Gareeca Gordon, 28, admitted to murdering and dismembering Phoenix Netts, her roommate and former friend. Netts body was found burned and stuffed into two suitcases in the Forest of Dean.
“Her future was looking bright, shining and promising,” High Court judge Justice Cutts told Gordon, the Guardian reported. “ A fresh start was ahead of her. You robbed her of that fresh start. You took her from the supportive parents who loved and cherished her.”
Cutts described Gordon as a “wicked,” “callous,” and “very dangerous young woman.”
Netts was killed on April 16, 2020, days after she supposedly rebuffed Gordon’s sexual advances.
“There's a girl here who keeps asking me to be sexual,” Netts wrote in messages a week before her slaying, according to the BBC. "I think I'm going to move back to London. It's scaring me lol."
Investigators said Gordon was “devious,” “cold,” and “evasive” when she was discovered in possession of Netts’ remains.
"When they tried to look in the suitcase she tried to push them away so officers thought perhaps there were drugs or stolen property in it," Gloucestershire Police Detective Chief Inspector John Turner said. “When they eventually opened it they were really shocked to find a dismembered body in there.”
After killing Netts, Gordon impersonated her, officials said. Detectives later learned Gordon sent texts, emails, and voice notes to Netts’ friends, relatives, and parents pretending to be the murdered woman in order to cover up the killing. Gordon also downloaded an app that allowed her to edit voice messages — and ultimately alter her voice to sound more like Netts’.
"She went to great lengths to pretend Phoenix was still alive and had moved out of the area, as well as great efforts to dispose of her body, hoping her despicable crime would go unnoticed," Detective Superintendent Scott Griffiths said.

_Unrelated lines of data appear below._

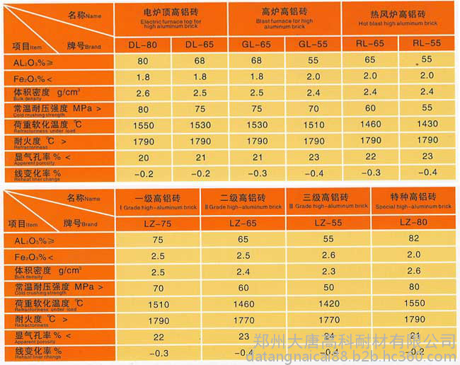 高铝砖性能特点及适用范围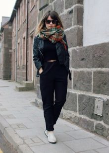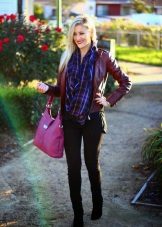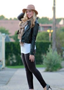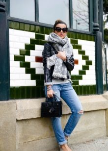 When choosing accessories for the ensemble with a leather jacket, pay attention to voluminous scarves. They perfectly emphasize the texture of the skin, add a special charm and sophistication to the image. Depending on the color of the scarf, you can visually adjust the shade of the skin of the face. If it is a little pale, you can try on an accessory of juicy green or pale pink. These shades “draw” a blush on the cheeks and hide traces of fatigue behind their color.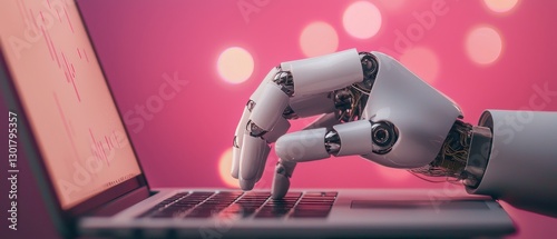 © Kiadtisak, Naklejka premium Robotic Hand Using Laptop Computer AI Technology Futuristic Pink Background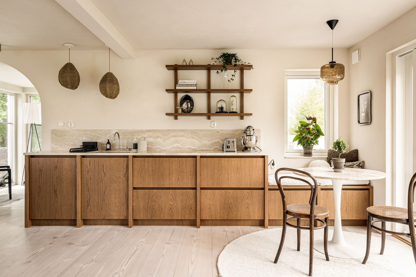 "Visionen har från start varit att få in behagliga proportioner där vi har hämtat inspiration från naturens egen design, bland annat genom att använda oss av olika geometriska former som tillsammans bildar en harmonisk melodi. Utvalda hörn har blivit avrundade, en dagöppning har fått ett smalt högt valv medan en avskiljande vägg fått en bredare välvd form. Några rektangulära fönsterpartier har utarbetats efter det gyllene snittet i dess fönsterspröjssättning, varav någon är i ek och en annan i metall. Basen i interiören är ljus och levande där olika nyanser av kalkpigment från Island fått pryda väggar och tak, vilket ger en luftig karaktär till huset. Långa, breda golvtiljor och trappor i vitlaserad douglasgran möts upp med bronsfärgade glaspartier och där travertinsten möter brunbetsad ek i både köks- och garderobsfronter, allt för att få mjuka övergångar som tilltalar sinnet både visuellt och texturalt. Unika lösningar där formgivning och hantverket fått stå i centrum.”
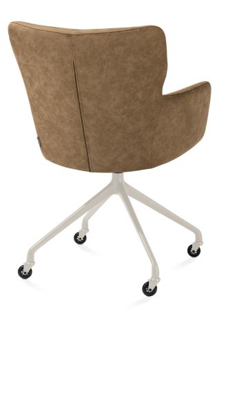 Sage, chaise à accoudoirs + roulettes - pietement aluminium creme - tissu Luton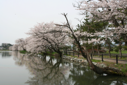 五郎沼は、滝名川上流河畔、志賀理和気(赤石)神社、高水寺城跡(城山)とともに桜の名所として知られる。花見客が行列をつくる名所ではないが、遠くに望む奥羽山脈や北上高地を借景とし、水面に枝垂れるように咲く桜の一群は自然の中に溶け込み、「桜のある原風景」を体感させてくれる。朝一番の風がなく水面が凪(な)いだ時に目にする満開の桜は、大自然の水面鏡となって水面に美しく浮かび上がる。その幻想的な光景は春の紫波町を代表するビューポイントであり、時間の流れを忘れさせてくれる癒しの空間でもある。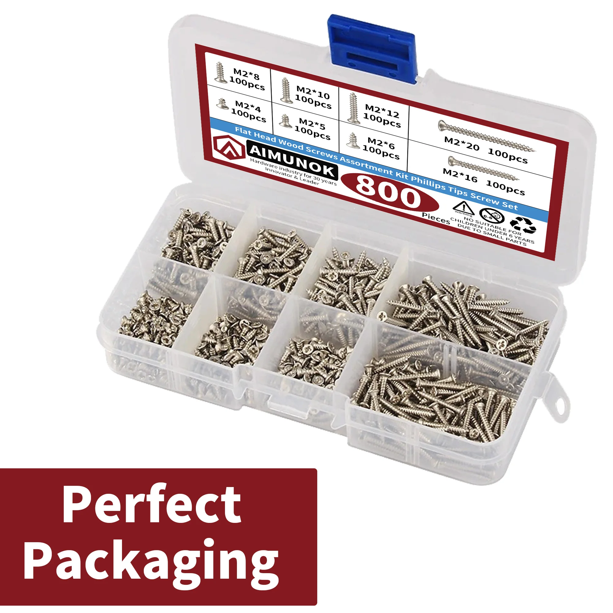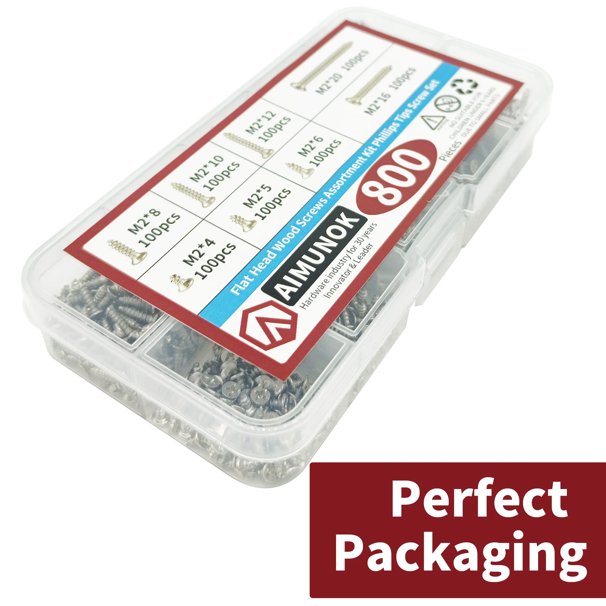 Kit surtido de tornillos autorroscantes M2, 800 Uds., Kit surtido de tornillos roscados, tuerca de bloqueo, juego de tornillos para uñas con rosca de madera, tuerca autoblocante de madera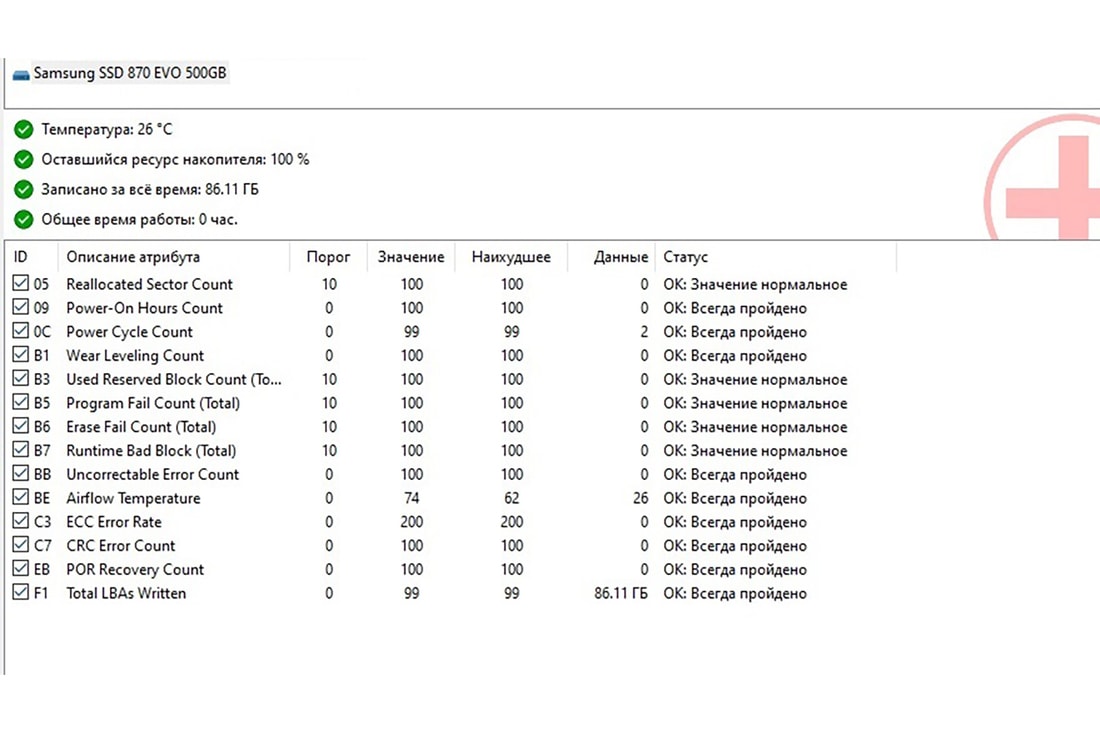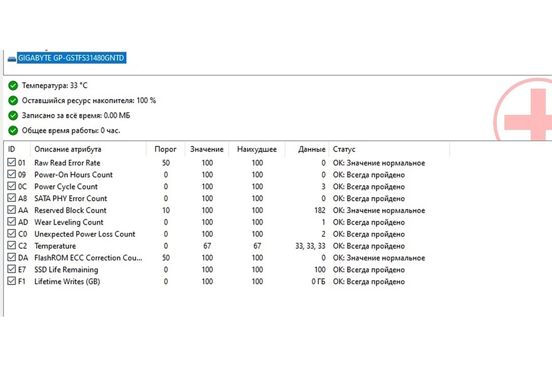 Считать атрибуты SMART можно посредством разнообразных утилит. Как правило, разрабатываемое ПО от производителей дисков великолепно справляется с этой задачей, но перегруженный графический интерфейс усложняет восприятие. Каждый пользователь сам выбирает удобный и привычный ему способ, хотя большинство пользователей попросту не заглядывают в этот раздел. Мы использовали для считывания атрибутов раздел «Хранение данных» утилиты AIDA64 Extreme, но кому-то может показаться более наглядным GUI утилиты CrystalDiskInfo. Подробно заострять внимание на атрибутах не станем, отметим лишь, что все диски до начала тестирования были новыми и не имели проблем по части S.M.A.R.T. А чтобы научиться понимать атрибуты, рядовому пользователю достаточно ознакомиться со статьей в «Википедии».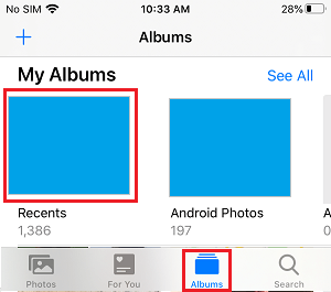 1.打开 iPhone 上的照片应用程序,然后点击底部菜单中的相册选项卡。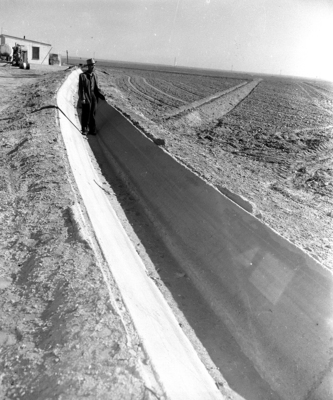 One form of better water use is construction of concrete-lined ditches. J. B. Kirklin stands in one that was recently finished. He believes it will give him 30 percent more water use. Published in Fort Worth Star-Telegram evening edition March 21, 1952.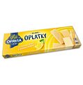 Jemné oblátky OPAVIA s citrónovou príchuťou. AlergényPŠENIČNÁ múka, laktóza (z MLIEKA), sušená srvátka (z MLIEKA), emulgátor (SÓJOVÝ lecitín). Meno alebo obchodné meno a a

Gordon also scoured the internet using search terms such as “How do killers get caught?” “Can someone recover from getting stabbed?” and “Can a body burn to ashes with petrol?” the Guardian reported.
According to court filings, Gordon’s mother, who wasn’t identified, described her daughter as a “ticking time bomb,” the newspaper also reported. She added, however, that Gordon wasn’t “a bad person at heart.”
The Birmingham woman may have a personality disorder.
Authorities said the case was “extremely distressing” for Netts’ loved ones.
“Our lives have been irreversibly changed and the anguish is indescribable," her father, Mark Netts, told the court in a victim impact statement.
"[We’re] forever devastated, forever empty," Nett’s mother, Saskia, added.